Goal of the exercise - Please print, word for word, every line from the one that contains "캐시미어 혼방 스텐카라 코트 발마칸 네이비 마이크로 체크 L" through the last line of the records, and nothing else.

-------- Given information

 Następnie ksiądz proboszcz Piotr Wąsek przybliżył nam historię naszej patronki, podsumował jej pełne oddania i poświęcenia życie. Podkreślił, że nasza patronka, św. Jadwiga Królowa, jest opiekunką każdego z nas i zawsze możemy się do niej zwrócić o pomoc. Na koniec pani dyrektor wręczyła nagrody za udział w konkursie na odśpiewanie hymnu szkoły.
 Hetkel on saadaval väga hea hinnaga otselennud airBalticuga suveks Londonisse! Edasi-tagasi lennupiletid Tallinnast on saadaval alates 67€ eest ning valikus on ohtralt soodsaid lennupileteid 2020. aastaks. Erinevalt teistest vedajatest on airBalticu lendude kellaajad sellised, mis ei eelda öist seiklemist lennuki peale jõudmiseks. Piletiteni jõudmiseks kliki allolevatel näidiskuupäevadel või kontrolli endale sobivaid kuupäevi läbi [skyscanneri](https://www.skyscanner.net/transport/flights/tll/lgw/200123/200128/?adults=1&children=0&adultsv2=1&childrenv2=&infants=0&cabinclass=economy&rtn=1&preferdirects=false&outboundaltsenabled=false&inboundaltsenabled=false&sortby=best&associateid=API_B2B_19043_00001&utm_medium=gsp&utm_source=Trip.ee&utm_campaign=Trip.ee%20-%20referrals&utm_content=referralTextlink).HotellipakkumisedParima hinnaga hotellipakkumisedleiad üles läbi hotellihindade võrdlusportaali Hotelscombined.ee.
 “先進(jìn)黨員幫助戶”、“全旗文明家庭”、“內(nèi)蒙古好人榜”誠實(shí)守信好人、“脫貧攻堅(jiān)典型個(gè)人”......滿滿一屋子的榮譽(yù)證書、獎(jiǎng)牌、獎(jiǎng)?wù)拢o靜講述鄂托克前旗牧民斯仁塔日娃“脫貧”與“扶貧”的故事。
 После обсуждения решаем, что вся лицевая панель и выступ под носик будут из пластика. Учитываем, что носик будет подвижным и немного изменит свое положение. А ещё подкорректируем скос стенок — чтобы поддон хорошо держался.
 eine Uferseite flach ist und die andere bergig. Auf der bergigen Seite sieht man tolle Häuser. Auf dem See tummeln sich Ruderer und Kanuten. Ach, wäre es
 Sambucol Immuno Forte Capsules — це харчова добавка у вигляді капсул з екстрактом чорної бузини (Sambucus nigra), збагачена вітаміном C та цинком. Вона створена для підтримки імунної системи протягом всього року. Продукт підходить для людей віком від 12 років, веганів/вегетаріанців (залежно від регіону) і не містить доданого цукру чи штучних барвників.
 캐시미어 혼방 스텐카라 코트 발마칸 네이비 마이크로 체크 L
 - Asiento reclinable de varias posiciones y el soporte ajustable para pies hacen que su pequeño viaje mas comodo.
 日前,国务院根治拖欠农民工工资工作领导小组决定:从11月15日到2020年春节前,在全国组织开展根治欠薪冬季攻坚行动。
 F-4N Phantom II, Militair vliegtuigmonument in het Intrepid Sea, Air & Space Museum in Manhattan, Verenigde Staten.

----------------

Exercise response -
 캐시미어 혼방 스텐카라 코트 발마칸 네이비 마이크로 체크 L
 - Asiento reclinable de varias posiciones y el soporte ajustable para pies hacen que su pequeño viaje mas comodo.
 日前,国务院根治拖欠农民工工资工作领导小组决定:从11月15日到2020年春节前,在全国组织开展根治欠薪冬季攻坚行动。
 F-4N Phantom II, Militair vliegtuigmonument in het Intrepid Sea, Air & Space Museum in Manhattan, Verenigde Staten.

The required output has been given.